# How the Internet works?

- Each device has a globally unique IP address which is a 32 bit number. 
- Data is chopped up into reasonable sized packets (up to 65,535 bytes, but usually much smaller) and every packet has a header which contains the destination IP address.
- Every packet is routed independently and gets passed from one device to another until it reaches the destination. These devices are called routers.
- Each router keeps an address table that says, when it gets a packet for some destination address, which of its neighbors should it pass the packet on to. The routers are constantly talking to each other passing information about how they should update their routing tables.
- If some of the routers stop working, the rest of the routers talk to each other and start routing packets around in a different way so that packets still reach their intended destination if there is some path to get there. 
- At the destination, the packets are reassembled into the original data message.
![routers.png](attachment:routers.png)

# Anatomy of URLs:
- URLs are used by browsers to identify what server to connect to and what page to launch.
- The overall structure of a URL is:
```<scheme>://<host>:<port>/<path>```
- **Scheme**: 
    - ```http/https/ftp/mailto```
- **Host**: 
    - Domain Name (The computer program looks up the IP address corresponding to the domain name using DNS)
    - It can also be an IP address.
- **Port**:
    - Optional.

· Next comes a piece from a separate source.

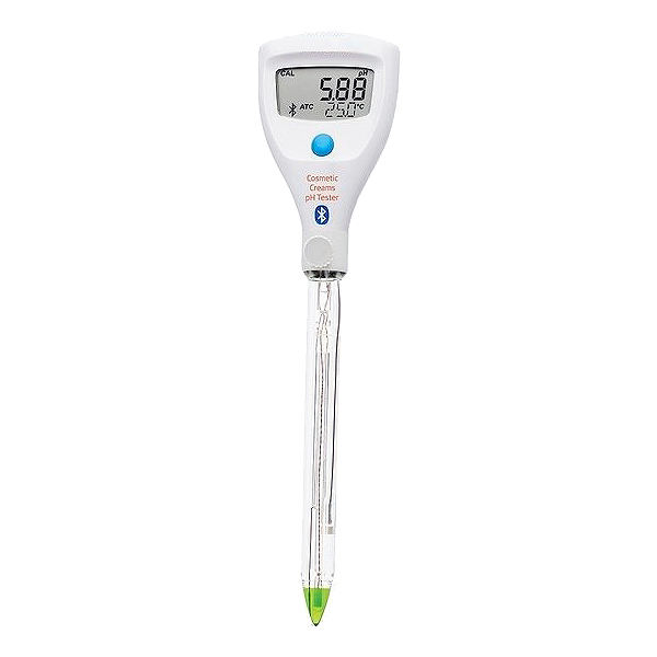 | Bluetoothを搭載し、お手元のスマートフォンやタブレットがpH計の早変わりします。 化粧クリームや半固形食品の測定に適した円錐状のpH電極を採用。液絡部の詰まりによる劣化を最小限に抑える構造です。 ![]() ■特長 ●4点校正が可能で、±0.02pHという測定精度 小型のpHテスターとしては信頼性の高い1台です。 ●化粧品やクリームの測定に対応 液絡部にはトリプルセラミックを採用。洗浄もしやすい構造です。 ●データの保存や転送も簡単! Bluetooth接続で無料の専用アプリを利用すれば、お手元のスマートフォンやタブレットの操作で簡単にデータ送信が行えます。 ●内部液も補充可能! 3.5M KClは補充型のため安定性の維持にもつながり安心です。 ●圧倒的なコストパフォーマンス! ポケットに入るサイズの従来のpHテスターとは一線を画すMF2PHN-9810432H。ラボ向けの専用電極を備えた本器はコストパフォーマンスも圧倒的です。 ●電極構造 化粧品やクリームの測定に適したpH電極を採用。 液絡部はトリプルセラミックで詰まりによる劣化を最小限に抑える構造です。 内部液(3.5M KCl)は補充可能なため、測定の安定性や反応速度の向上につながります。 電極先端部は円錐状で、電極洗浄もしやすい形状です。 測定可能な温度は-5~70℃まで対応。 電極は増幅器を内蔵しておりノイズ誤差を防ぎ、かつ素早く安定した測定を可能にします。 ![]() ●お手元のスマートフォンやタブレットがpH計に早変わり 専用アプリはiOSとAndroidに対応。アプリをインストールしたスマートフォン/タブレットと本機をBluetooth接続すれば、お手元のスマートフォンやタブレットがpH計に早変わりします。 普段から馴染みのあるスマートフォンやタブレットなので直感的に操作でき、データのメール送信も簡単に行えます。(メール送信はCSVまたはPDF形式から選択可能) なお、アプリの利用に課金は一切ありません。 ![]() ●pH電極の状態表示&校正情報(GLP) 校正後のpH電極の状態を画面に表示。本来目に見えないpH電極の状態を把握しでき、メンテナンスや交換時期を適切に判断できます。初めての方にも安心の機能です! 校正情報(GLP)も充実。校正日時や標準液の種類、オフセット/スロープはもちろん、校正を行った標準液間のスロープも見れます。これにより、使用した標準液の汚染/劣化も把握でき便利です! ![]() ●3点校正まで可能(アプリ使用時は4点校正まで) ●初回分のpH標準液と電極洗浄液、電極保存液が付属。校正と測定後のメンテナンスに必要なものが付属していて安心です。 ●ボタン1つの簡単操作 ●ボタン電池1個(CR2032型)で約1000時間の継続使用が可能。(Bluetoothの使用だと約500時間) ■仕様

If omitted, port 80 is used by default.
    - Used on the receiving end to decide which computer program should get the data that has been received.
- **Path**:
    - Also optional. 
    - Specifies something about which page, or more generally which contents, are being requested.
<br>

For example, consider the url [https://github.com/presnick/runestone](https://github.com/presnick/runestone):
- ```https://``` says to use the *secure http* protocol.
- ```github.com``` says to connect to the server at *github.com*, which currently maps to the IP address ```192.30.252.130```. The connection will be made on the default port, which is ```443``` for https.
- ```/presnick/runestone``` says to ask the remote server for the page *presnick/runestone*. It is up to the remote server to decide how to map that to the contents of a file it has access to, or to some content that it generates on the fly.
<br>

- The url [http://blueserver.com/path?k=val](http://blueserver.com/path?k=val) is another example that we can consider. 
- The path here a bit different from [https://github.com/presnick/runestone](https://github.com/presnick/runestone) because it includes what are called **“query parameters”**, the information after the ```?```.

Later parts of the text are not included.